Required action: Give back every line of the data exactly. Pictures are not part of the copy.

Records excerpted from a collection

[Start of Attachment]

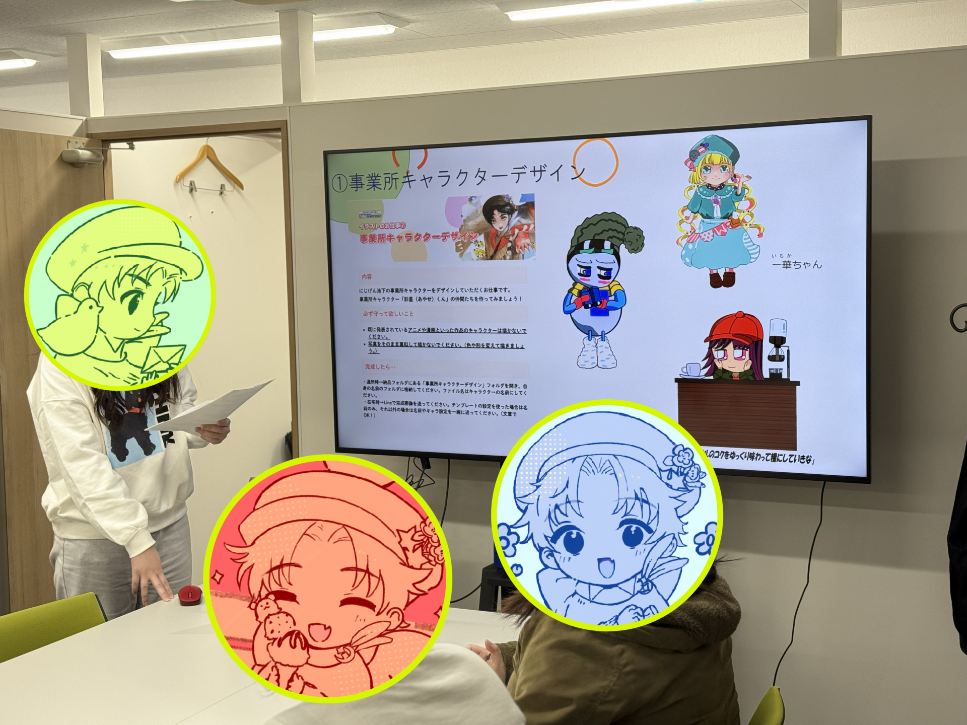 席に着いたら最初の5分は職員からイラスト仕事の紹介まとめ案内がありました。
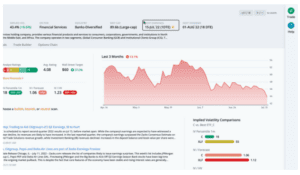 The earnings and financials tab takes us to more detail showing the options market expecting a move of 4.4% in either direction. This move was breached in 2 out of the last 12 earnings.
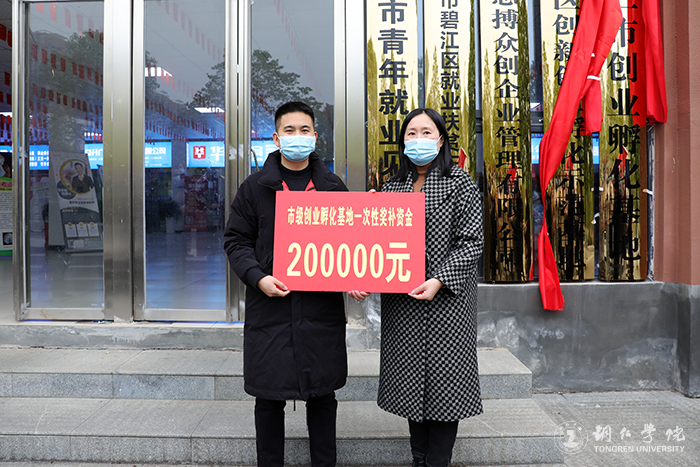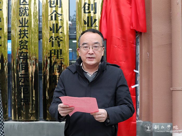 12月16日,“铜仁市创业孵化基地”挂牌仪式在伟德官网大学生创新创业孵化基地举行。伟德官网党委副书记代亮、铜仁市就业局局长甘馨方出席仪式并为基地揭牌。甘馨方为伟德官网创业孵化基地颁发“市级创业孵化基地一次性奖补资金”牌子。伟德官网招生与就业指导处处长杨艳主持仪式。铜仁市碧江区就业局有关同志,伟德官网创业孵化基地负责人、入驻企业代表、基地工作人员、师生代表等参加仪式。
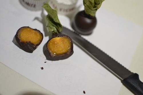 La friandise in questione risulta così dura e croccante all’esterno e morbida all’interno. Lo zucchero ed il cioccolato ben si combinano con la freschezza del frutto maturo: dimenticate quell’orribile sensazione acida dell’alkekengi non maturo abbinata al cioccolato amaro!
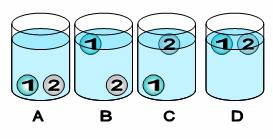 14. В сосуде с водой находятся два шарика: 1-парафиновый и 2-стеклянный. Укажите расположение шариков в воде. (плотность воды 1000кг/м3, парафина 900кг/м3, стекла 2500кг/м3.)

[End of Attachment]

Answer space:
 席に着いたら最初の5分は職員からイラスト仕事の紹介まとめ案内がありました。
 The earnings and financials tab takes us to more detail showing the options market expecting a move of 4.4% in either direction. This move was breached in 2 out of the last 12 earnings.
 12月16日,“铜仁市创业孵化基地”挂牌仪式在伟德官网大学生创新创业孵化基地举行。伟德官网党委副书记代亮、铜仁市就业局局长甘馨方出席仪式并为基地揭牌。甘馨方为伟德官网创业孵化基地颁发“市级创业孵化基地一次性奖补资金”牌子。伟德官网招生与就业指导处处长杨艳主持仪式。铜仁市碧江区就业局有关同志,伟德官网创业孵化基地负责人、入驻企业代表、基地工作人员、师生代表等参加仪式。
 La friandise in questione risulta così dura e croccante all’esterno e morbida all’interno. Lo zucchero ed il cioccolato ben si combinano con la freschezza del frutto maturo: dimenticate quell’orribile sensazione acida dell’alkekengi non maturo abbinata al cioccolato amaro!
 14. В сосуде с водой находятся два шарика: 1-парафиновый и 2-стеклянный. Укажите расположение шариков в воде. (плотность воды 1000кг/м3, парафина 900кг/м3, стекла 2500кг/м3.)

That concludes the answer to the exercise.